La prueba de no ser pederasta: ¿una medida necesaria y proporcionada?

El Decreto 1110/2015, de 11 de diciembre, ha dispuesto la creación, en un plazo de dos meses, de un Registro central de delincuentes sexuales.

Josep Tamarit Sumalla,
Catedrático de Derecho Penal de la Universitat Oberta de Catalunya y de la Universidad de Lleida


Esta norma desarrolla lo previsto en la Ley 26/2015, de protección jurídica del menor, cuyo artículo 13 exige que las personas que deben realizar profesiones o actividades que supongan contacto habitual con menores deben acreditar que no han sido condenados por delitos sexuales, mediante la aportación de una certificación negativa de antecedentes. Este precepto legal se basa en una obligación impuesta a los Estados miembros por la Directiva europea 93/2011. Con tal exigencia burocrática, España ha optado por uno de los posibles modos de dar cumplimiento a la norma europea. Menos diligentes y sobre todo menos acertadas, han estado las instituciones españolas a la hora de implantar o apoyar programas de prevención del abuso sexual basados ​​en criterios científicos sólidos.

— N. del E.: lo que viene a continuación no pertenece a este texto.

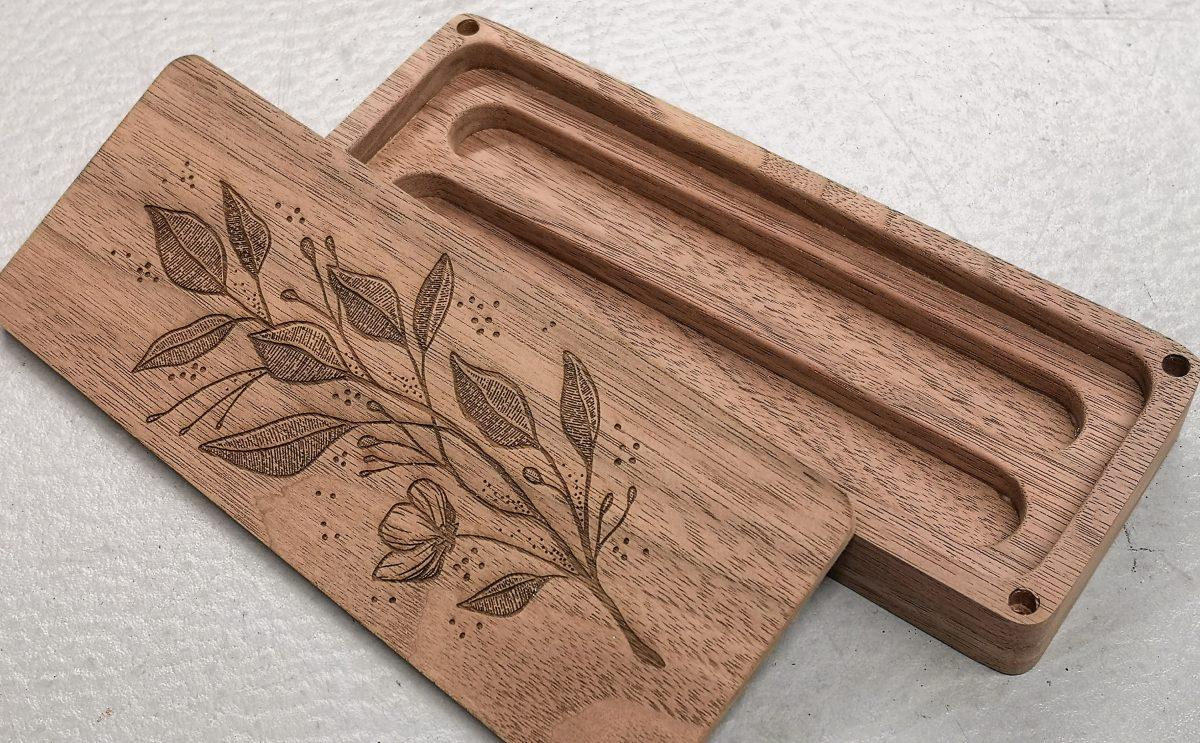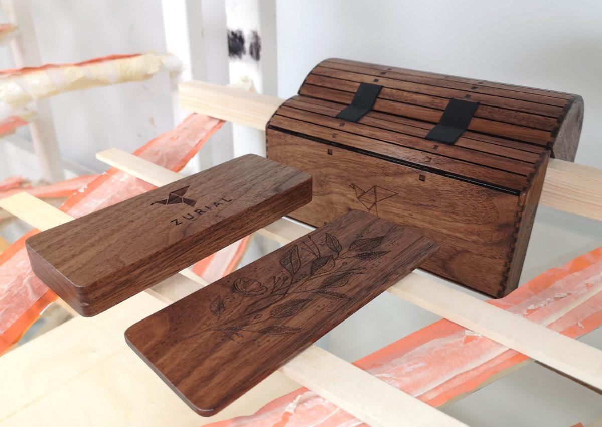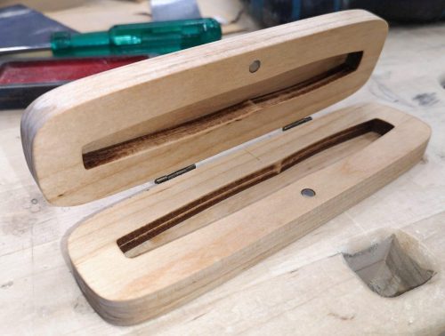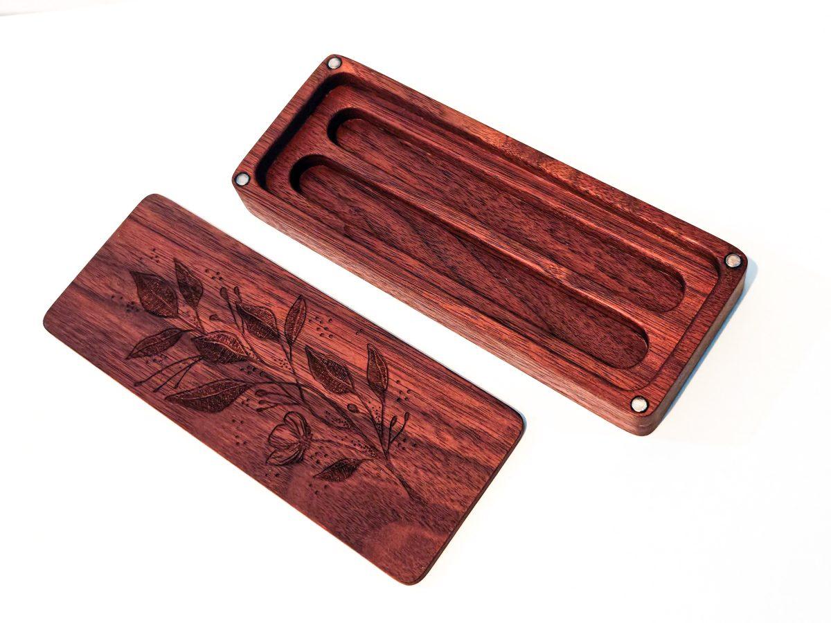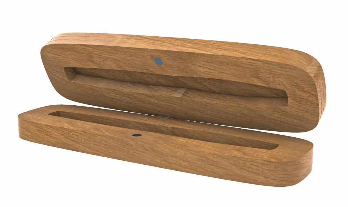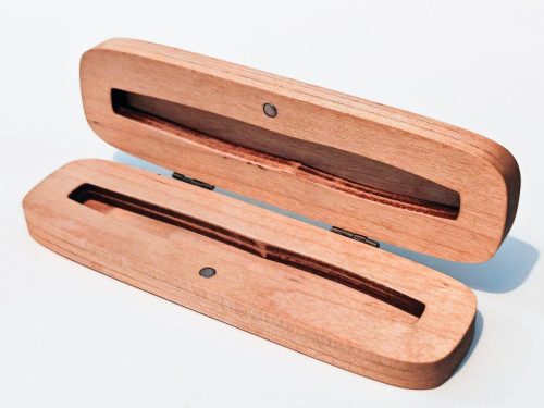 Yksi ensimmäisistä tuotteista oli koivusta tehty yksittäisen kynän kotelo. Se koottiin leikkaamalla laserilla ohuita puukerroksia, pinoamalla ne ja liimaamalla yhtenäiseksi kappaleeksi. Kaksi saranointia ja pienet magneetit pitivät kannen tukevasti kiinni. Kanteen kaiversin syvän kukkakoristeen, joka loi reliefimäisen ilmeen.

El registro no estará activo hasta el mes de marzo y de modo transitorio la Ley prevé que se aporte una certificación del Registro central de antecedentes penales. Algunas instituciones y empresas ya han solicitado el certificado a quienes pretenden acceder a un puesto de trabajo, lo cual ha generado incomodidades a muchos ciudadanos que han tenido que soportar largas colas para poder resolver ante la Administración un problema que ella misma ha generado. La saturación ha provocado finalmente que el Ministerio de Justicia haya alargado el plazo y que se busquen otras soluciones para sortear esta traba burocrática.

Intimidad y derecho al olvido

Ante esta situación, debemos preguntarnos por la legitimidad de una norma que exige a los ciudadanos una prueba documental de no haber sido condenados por delitos sexuales. Sindicatos y otras asociaciones y profesionales han denunciado que con ello se vulnera la intimidad de los trabajadores y el derecho al olvido. Para responder a la pregunta habrá que analizar la adecuación de la norma a los cánones de necesidad y proporcionalidad. Una evaluación rigurosa de la necesidad de tan antipática medida requiere indagar en el conocimiento que tiene la comunidad científica sobre el abuso sexual infantil, que es lo que la norma trata de prevenir. Diversos elementos apuntan a que tras la obligación de aportar el certificado de antecedentes, más que una auténtica utilidad preventiva late un pánico moral derivado de una visión estereotipada de la delincuencia sexual. Los estudios criminológicos muestran que el abuso sexual afecta a un número muy alto de personas, más de lo que muestran las cifras oficiales, pero también que el abusador es en la mayor parte de casos una persona del entorno familiar del menor. También sabemos que los delincuentes sexuales no son los más resistentes al tratamiento penitenciario y que en España, como en otros países, hay programas que han aportado buenos resultados en la reducción de la reincidencia. Por otra parte, en países donde se han implantado sistemas de acceso de la población a los antecedentes delictivos no se ha probado que hayan tenido efectos en la reducción de la delincuencia. Ello se explica si se repara en el hecho de que la mayor parte de personas juzgadas por delitos sexuales no habían sido anteriormente condenadas.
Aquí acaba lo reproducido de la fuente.